Beyond Vibe Coding
The daily loop that turns AI-assisted development into AI-native operations
Everybody is talking about vibe coding - just describe what you want, let the AI build it, iterate by feel. And it works. For prototypes, for greenfield features, for the first version of something.
But vibe coding stops at the end of the chat session. The AI doesn’t remember what it built yesterday. It doesn’t know whether the thing it shipped last week actually worked. It can’t improve a process it has no memory of running.
I’ve been working with what I think comes next. In February I wrote about my AI-native development process - the operating loop, the planning docs, continuity as an engineering artifact. I described a daily report command as “the studio’s heartbeat.” That was one month ago. A lot has changed since.
What it’s become - across four of my products, refined every single day for a month - is a self-improving daily operating system run by an amnesiac operator. The agentic system runs the full diagnostic, produces the analysis, and then I ask it to improve the system it just operated within. Every morning. The process gets better every day. Not in theory. In commits.
I want to describe what this thing actually is now, because I think it might be more important than any of the products it operates on. Or maybe I’m just excited.
What a morning actually looks like
I type /daily and walk away to feed the dogs.

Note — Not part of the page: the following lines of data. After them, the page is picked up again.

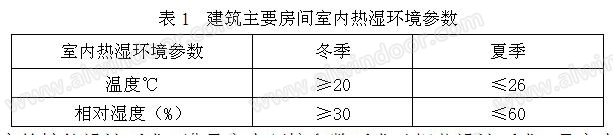 《近零能耗建筑技術標準》GB/T 51350對建筑室內主要房間熱濕環境參數要求見表1所示,居住建筑內噪聲晝間≤40dB(A),夜間≤30dB(A)。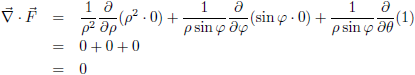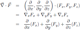 Het vectorveld F (dwarsdoorsnede voor z = 0)In dit geval wordt de divergentie dan: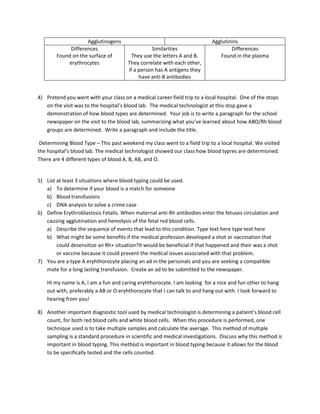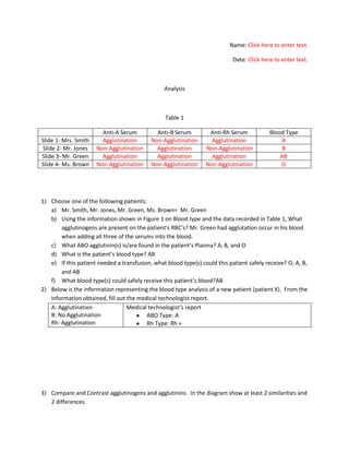 This document contains a blood typing analysis worksheet. It provides the results of agglutination tests using anti-A, anti-B, and anti-Rh sera on four patient samples. The worksheet shows that patient 3 (Mr. Green) had agglutination with all three sera, indicating their blood type is AB. The document then provides multiple choice and short answer questions to help understand blood typing and ABO incompatibility. It covers topics like agglutinogens and agglutinins, determining blood type in a lab, situations where blood typing is used, and minimizing disease risk in blood collection.

By the time I’m back, my team has done this: queried the production database across 8 parallel connections, pulled analytics from Amplitude, evaluated content quality across five dimensions, scored 18 pieces of generated content against a rubric, checked the outreach pipeline, compared everything to yesterday’s numbers and last week’s numbers, and assembled it all into a prioritized to-do list.
From scratch. Because it doesn’t remember yesterday.
That’s FrameDial. Seven parallel extractions fan out across Postgres, Bluesky, SendGrid, and Amplitude in 15 seconds. Scripts pre-score every story on five editorial dimensions, flag which ones need the agent’s judgment, and hand it a compact brief instead of raw data. One subagent produces the editorial review, social review, outreach report, and prioritized to-do. Wall time: 5-7 minutes. (It used to be three subagents and 10+ minutes. The retrospectives killed two of them.)
BloomEDU fires 27+ Amplitude queries in batches of 3, tracks every recommendation with a unique ID, carries forward evolving insights with daily annotations, and auto-resolves yesterday’s watch list items against current data overnight.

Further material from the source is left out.